[Dataset entries]
BEGIN

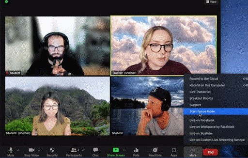 Η νέα λειτουργία σχεδιάστηκε με κύριο γνώμονα την εκπαίδευση, βοηθώντας του συμμετέχοντες να εστιάζουν ευκολότερα, σε ότι προβάλει ο εκπαιδευτικός. Πιο συγκεκριμένα, οι διοργανωτές του Meeting, μπορούν πλέον να επιλέξουν να προβάλλεται σε κάθε συμμετέχοντα μόνο ο εαυτός τους, ο εισηγητής και το περιεχόμενο που διαμοιράζεται, απενεργοποιώντας την δυνατότητα προβολής των υπόλοιπων συμμετεχόντων. Την ίδια στιγμή, ο διοργανωτής εξακολουθεί να βλέπει όλους τους συμμετέχοντες ταυτόχρονα, μέσα από το gallery view, του Zoom Meeting.
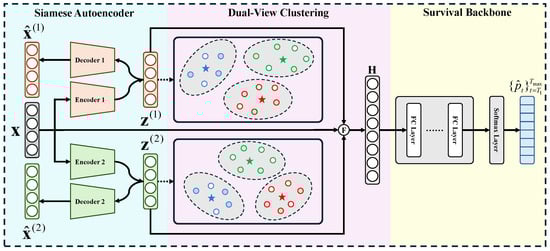 The overall architecture of the DVC-Surv model. The Siamese autoencoder consists of two autoencoders without parameter sharing, mapping patient covariates into latent spaces of two views. Subsequently, the dual-view clustering module integrates the representations from dual views to cluster the samples. Lastly, the fused representation of the two views and covariates is fed into the survival backbone to obtain an estimation of the survival distribution.
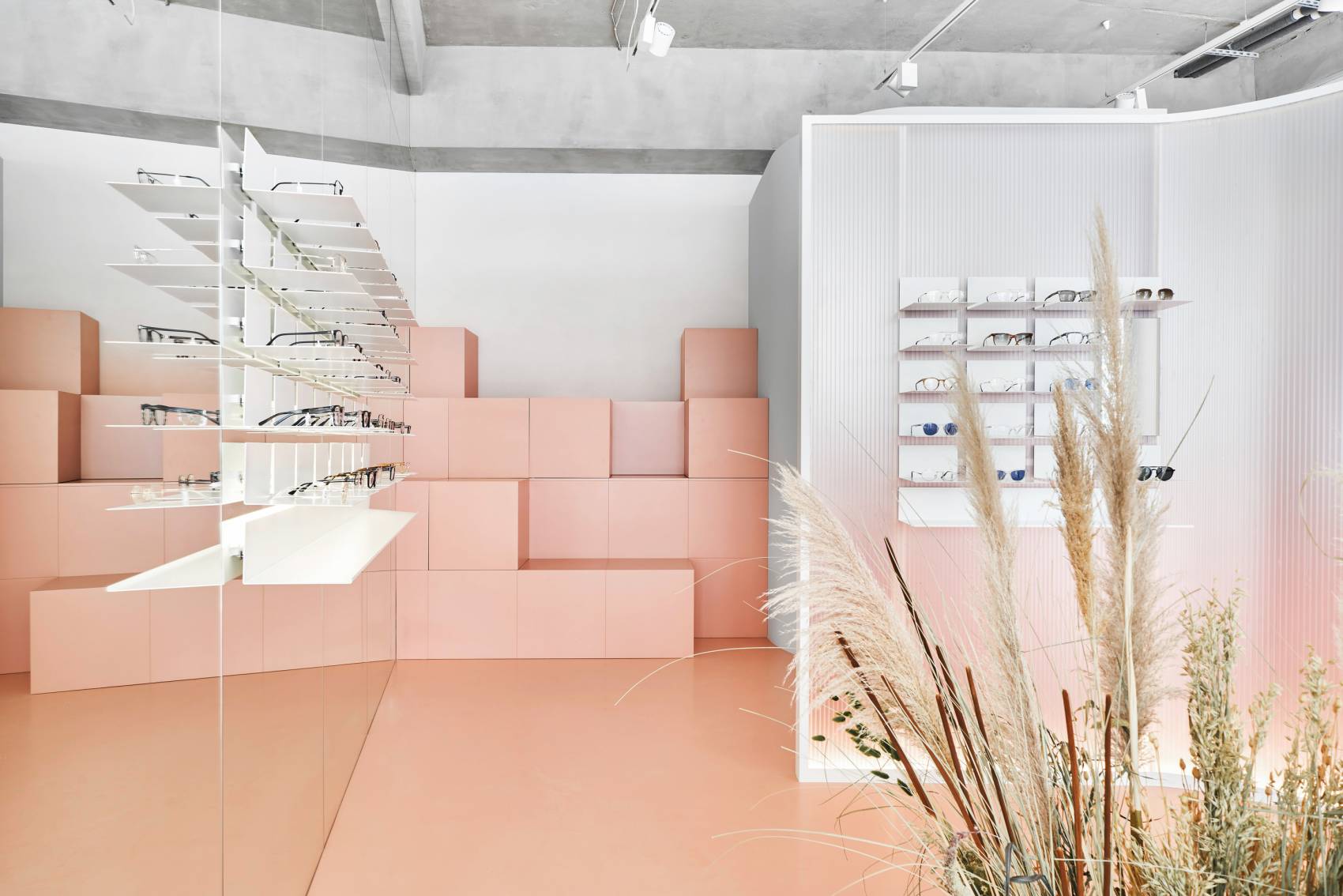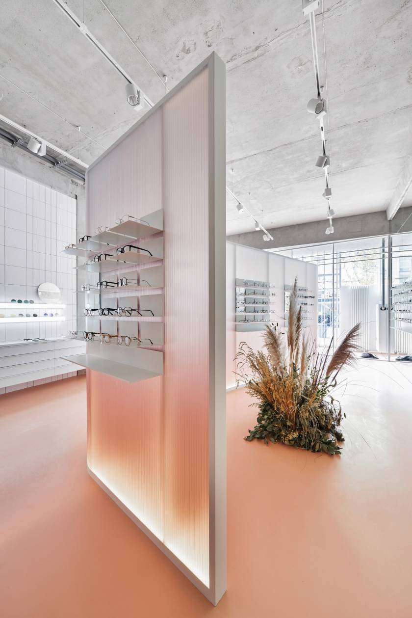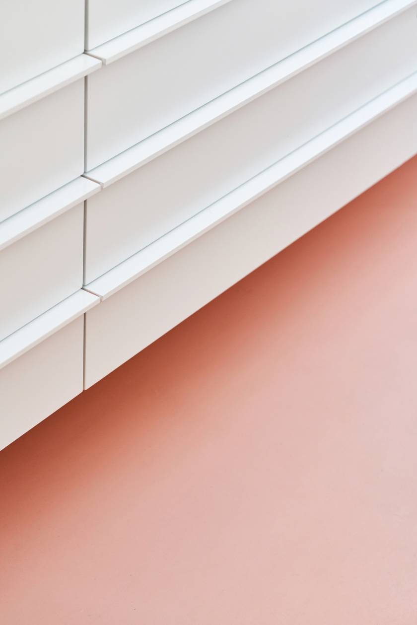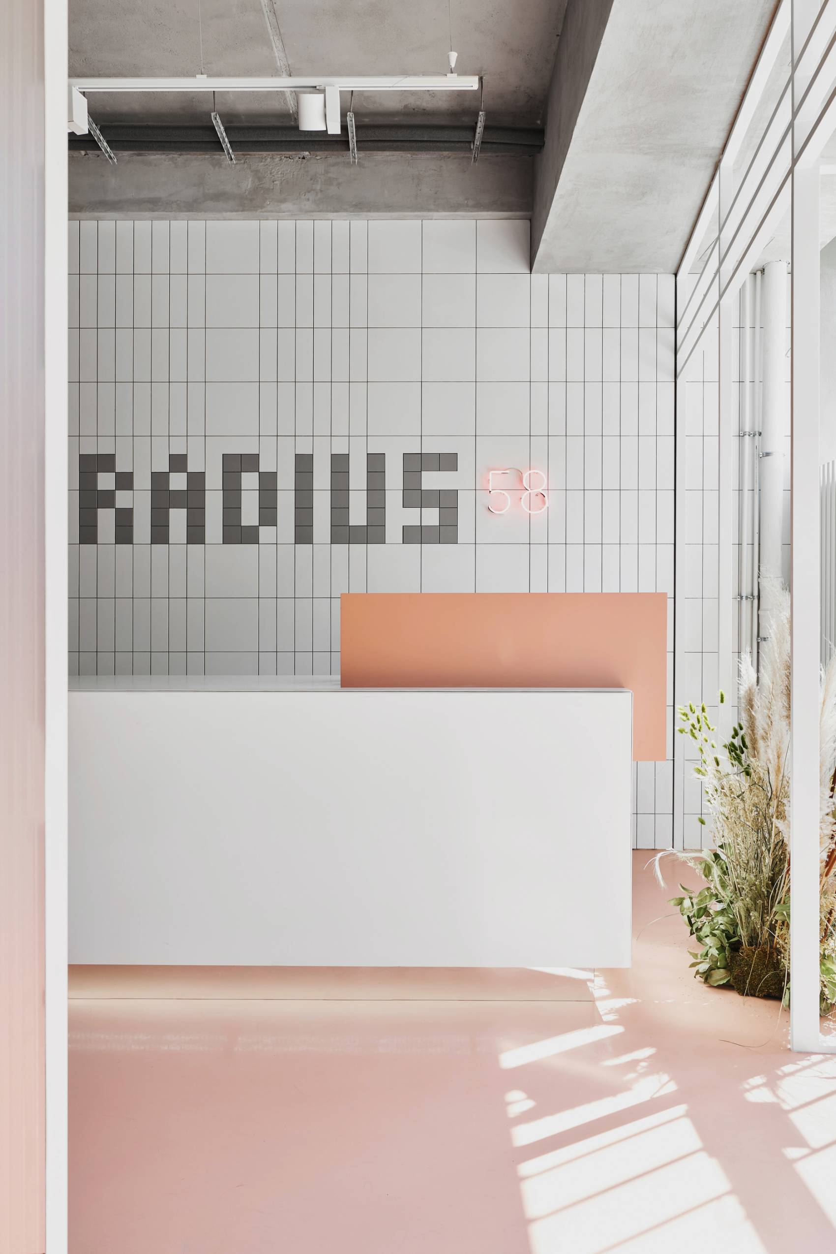 粉色在室内扮演着重要的视觉角色,充满了整个空间,并由于墙壁上的渐变而溶解在大厅的上部。
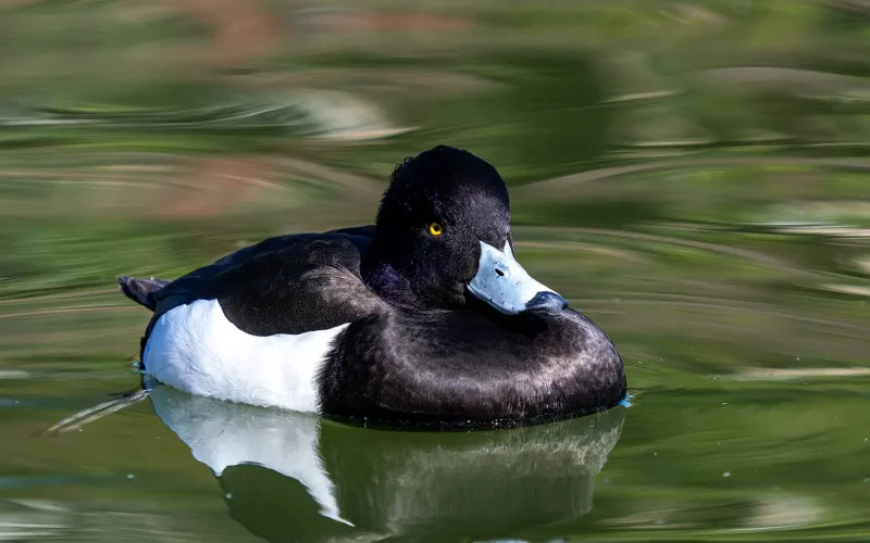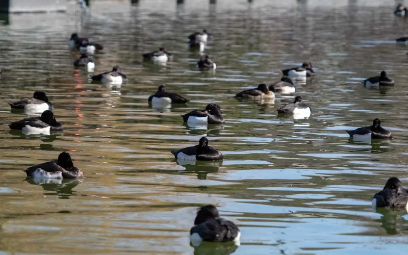 キンクロハジロは、全長40cmの中型のカモ類です。ただし、この数値は首を伸ばした状態で嘴の先から尾羽の先までを計測したもの。実際には首を縮めていることが多く、見た目はずっと小さく感じられます。公園の池で普通に見られますが、湖や沼、川、内湾など、水辺であればかなり幅広く姿を現す、なかなかの適応力の持ち主です。
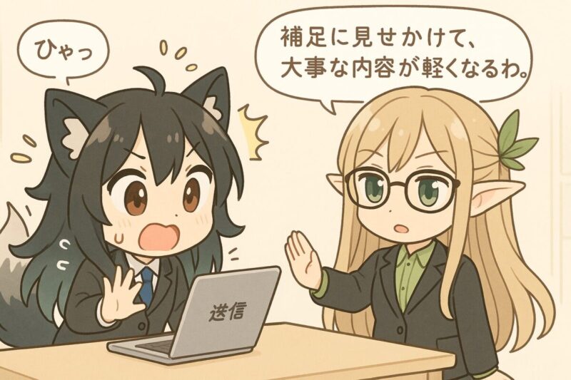メールは文書という特性を持ちながらも、会話的な性質も併せ持っています。そのため、読み手との心理的距離感を調整する機能が大きく働きます【1】。しかし、「ちなみに」のように口語的で軽快な印象のある表現が使われると、場面によっては適切さが疑問視されるのです。例えば社内のカジュアルなやり取りでは許容される一方、正式な契約や商談の場面では不適切となりかねません。このため、読者が「どの場面でなら問題ないのか」「代わりにどの表現を選ぶべきなのか」といった疑問を抱くのは自然なことです。
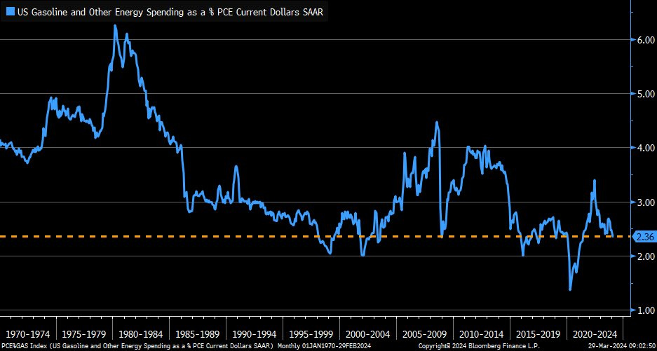 February spending on gas and energy drops to 2.36% of total personal consumption - quite low historically
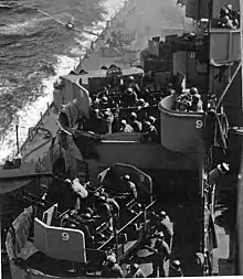 On 14 December, Missouri departed San Francisco and sailed for Ulithi in the Caroline Islands, where she joined the rest of the fleet on 13 January 1945. She became a temporary headquarters ship for Vice Admiral Marc A. Mitscher.[16] She then joined Task Force 58, which sortied on 27 January to launch an air attack on Tokyo in support of the planned operation against Iwo Jima. Missouri served as part of the anti-aircraft screen for Task Group 58.2, centered on the carriers Lexington, Hancock, and San Jacinto, during the raid on Tokyo.[21] In addition to guarding the carriers, Missouri and the other battleships acted as oilers for the escorting destroyers, since the fleet's logistics train could not accompany the strike force during raids.[22]
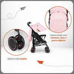Características: Fechamento compacto e rápido: Fechamento estilo guarda-chuva, leve e fácil de transportar, com alça para levar a qualquer lugar. Assento reclinável: Três posições de inclinação, incluindo o modo berço, ajustáveis com uma mão. Capota ampla e extensível: Com visor, aba de sol e bolso porta-objetos, protege o bebê do sol e do vento. Apoio de pés ajustável: Possui cinco ajustes de altura, ideal para acompanhar o crescimento do bebê. Rodas duplas com travas: Estabilidade e controle total, com trava de giro 360 nas rodas dianteiras e freio interligado nas traseiras. Cinto de segurança de 5 pontos: Ajustável em altura e largura, com protetores acolchoados para máxima segurança. Cesto porta-objetos: Capacidade para até 3 kg, perfeito para carregar itens essenciais.
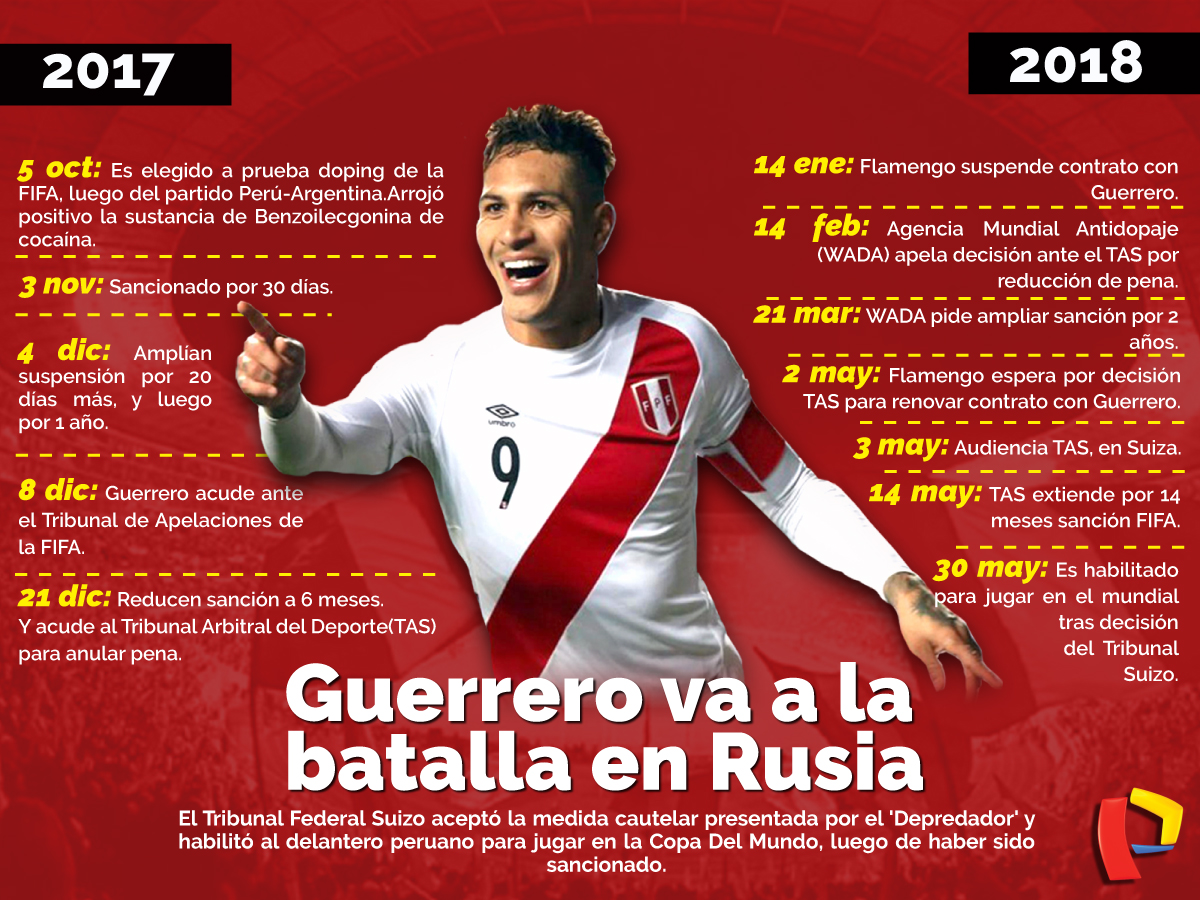 Tras una larga agonía, que empezó el 5 de octubre de 2017, al ser elegido para una evaluación antidopaje de la FIFA y la cual resultó positivo en su organismo la sustancia de Benzoilecgonina de cocaína, el capitán de la Selección Peruana, Paolo Guerrero, sí podrá cumplir el sueño de jugar en el Mundial de Fútbol que se celebrará en Rusia, a partir del 14 de junio.

END

What you will do:
Could you please write out exactly the lines from the start of the entries above through the line that holds "February spending on", both included, with no pictures?

Reply to the exercise:
 Η νέα λειτουργία σχεδιάστηκε με κύριο γνώμονα την εκπαίδευση, βοηθώντας του συμμετέχοντες να εστιάζουν ευκολότερα, σε ότι προβάλει ο εκπαιδευτικός. Πιο συγκεκριμένα, οι διοργανωτές του Meeting, μπορούν πλέον να επιλέξουν να προβάλλεται σε κάθε συμμετέχοντα μόνο ο εαυτός τους, ο εισηγητής και το περιεχόμενο που διαμοιράζεται, απενεργοποιώντας την δυνατότητα προβολής των υπόλοιπων συμμετεχόντων. Την ίδια στιγμή, ο διοργανωτής εξακολουθεί να βλέπει όλους τους συμμετέχοντες ταυτόχρονα, μέσα από το gallery view, του Zoom Meeting.
 The overall architecture of the DVC-Surv model. The Siamese autoencoder consists of two autoencoders without parameter sharing, mapping patient covariates into latent spaces of two views. Subsequently, the dual-view clustering module integrates the representations from dual views to cluster the samples. Lastly, the fused representation of the two views and covariates is fed into the survival backbone to obtain an estimation of the survival distribution.
 粉色在室内扮演着重要的视觉角色,充满了整个空间,并由于墙壁上的渐变而溶解在大厅的上部。
 キンクロハジロは、全長40cmの中型のカモ類です。ただし、この数値は首を伸ばした状態で嘴の先から尾羽の先までを計測したもの。実際には首を縮めていることが多く、見た目はずっと小さく感じられます。公園の池で普通に見られますが、湖や沼、川、内湾など、水辺であればかなり幅広く姿を現す、なかなかの適応力の持ち主です。
メールは文書という特性を持ちながらも、会話的な性質も併せ持っています。そのため、読み手との心理的距離感を調整する機能が大きく働きます【1】。しかし、「ちなみに」のように口語的で軽快な印象のある表現が使われると、場面によっては適切さが疑問視されるのです。例えば社内のカジュアルなやり取りでは許容される一方、正式な契約や商談の場面では不適切となりかねません。このため、読者が「どの場面でなら問題ないのか」「代わりにどの表現を選ぶべきなのか」といった疑問を抱くのは自然なことです。
 February spending on gas and energy drops to 2.36% of total personal consumption - quite low historically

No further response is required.